**DATA SHOWN**
--- START ---

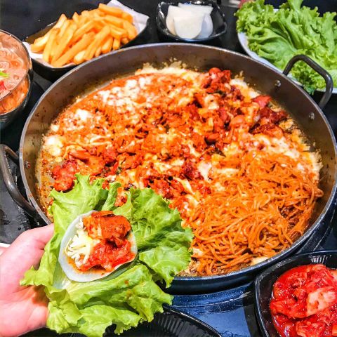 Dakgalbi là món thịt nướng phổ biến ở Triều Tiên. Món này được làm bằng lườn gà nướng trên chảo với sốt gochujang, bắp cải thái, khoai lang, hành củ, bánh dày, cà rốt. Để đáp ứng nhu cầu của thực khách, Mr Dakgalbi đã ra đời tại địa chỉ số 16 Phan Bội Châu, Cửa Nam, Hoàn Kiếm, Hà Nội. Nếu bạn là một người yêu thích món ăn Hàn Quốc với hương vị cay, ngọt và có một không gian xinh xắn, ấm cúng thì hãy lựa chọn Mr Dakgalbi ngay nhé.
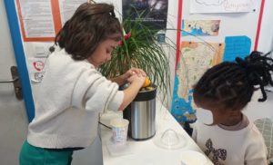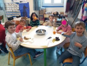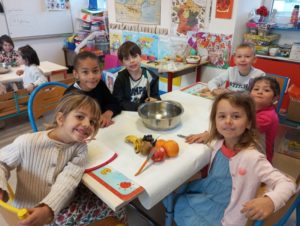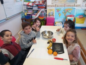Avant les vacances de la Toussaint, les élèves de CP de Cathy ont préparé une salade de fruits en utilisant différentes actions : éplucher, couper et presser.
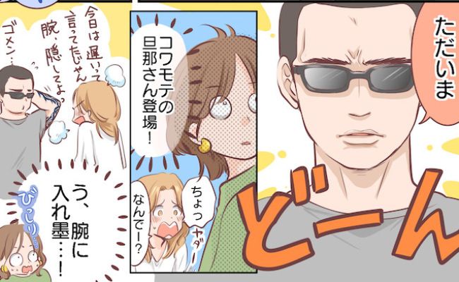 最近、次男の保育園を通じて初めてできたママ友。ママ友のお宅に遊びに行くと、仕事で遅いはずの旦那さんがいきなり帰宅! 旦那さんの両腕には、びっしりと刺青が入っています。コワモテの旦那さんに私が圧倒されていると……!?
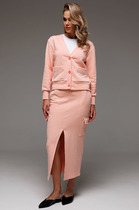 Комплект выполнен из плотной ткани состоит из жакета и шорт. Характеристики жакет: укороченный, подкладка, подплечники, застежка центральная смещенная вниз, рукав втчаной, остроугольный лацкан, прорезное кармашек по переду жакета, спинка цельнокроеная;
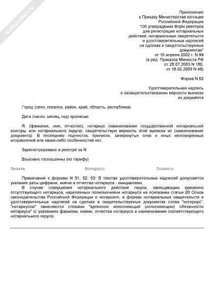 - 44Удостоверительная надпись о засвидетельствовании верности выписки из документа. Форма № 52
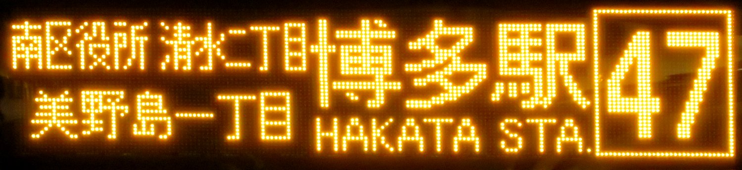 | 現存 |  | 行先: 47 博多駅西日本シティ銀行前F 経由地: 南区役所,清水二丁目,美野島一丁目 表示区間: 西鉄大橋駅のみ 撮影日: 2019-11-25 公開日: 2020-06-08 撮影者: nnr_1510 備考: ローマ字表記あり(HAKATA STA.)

--- END ---

**TASK GOAL**
No pictures should appear in the copy, and each record above is to be returned exactly.

**TASK ANSWER**
 Dakgalbi là món thịt nướng phổ biến ở Triều Tiên. Món này được làm bằng lườn gà nướng trên chảo với sốt gochujang, bắp cải thái, khoai lang, hành củ, bánh dày, cà rốt. Để đáp ứng nhu cầu của thực khách, Mr Dakgalbi đã ra đời tại địa chỉ số 16 Phan Bội Châu, Cửa Nam, Hoàn Kiếm, Hà Nội. Nếu bạn là một người yêu thích món ăn Hàn Quốc với hương vị cay, ngọt và có một không gian xinh xắn, ấm cúng thì hãy lựa chọn Mr Dakgalbi ngay nhé.
Avant les vacances de la Toussaint, les élèves de CP de Cathy ont préparé une salade de fruits en utilisant différentes actions : éplucher, couper et presser.
 最近、次男の保育園を通じて初めてできたママ友。ママ友のお宅に遊びに行くと、仕事で遅いはずの旦那さんがいきなり帰宅! 旦那さんの両腕には、びっしりと刺青が入っています。コワモテの旦那さんに私が圧倒されていると……!?
 Комплект выполнен из плотной ткани состоит из жакета и шорт. Характеристики жакет: укороченный, подкладка, подплечники, застежка центральная смещенная вниз, рукав втчаной, остроугольный лацкан, прорезное кармашек по переду жакета, спинка цельнокроеная;
 - 44Удостоверительная надпись о засвидетельствовании верности выписки из документа. Форма № 52
 | 現存 |  | 行先: 47 博多駅西日本シティ銀行前F 経由地: 南区役所,清水二丁目,美野島一丁目 表示区間: 西鉄大橋駅のみ 撮影日: 2019-11-25 公開日: 2020-06-08 撮影者: nnr_1510 備考: ローマ字表記あり(HAKATA STA.)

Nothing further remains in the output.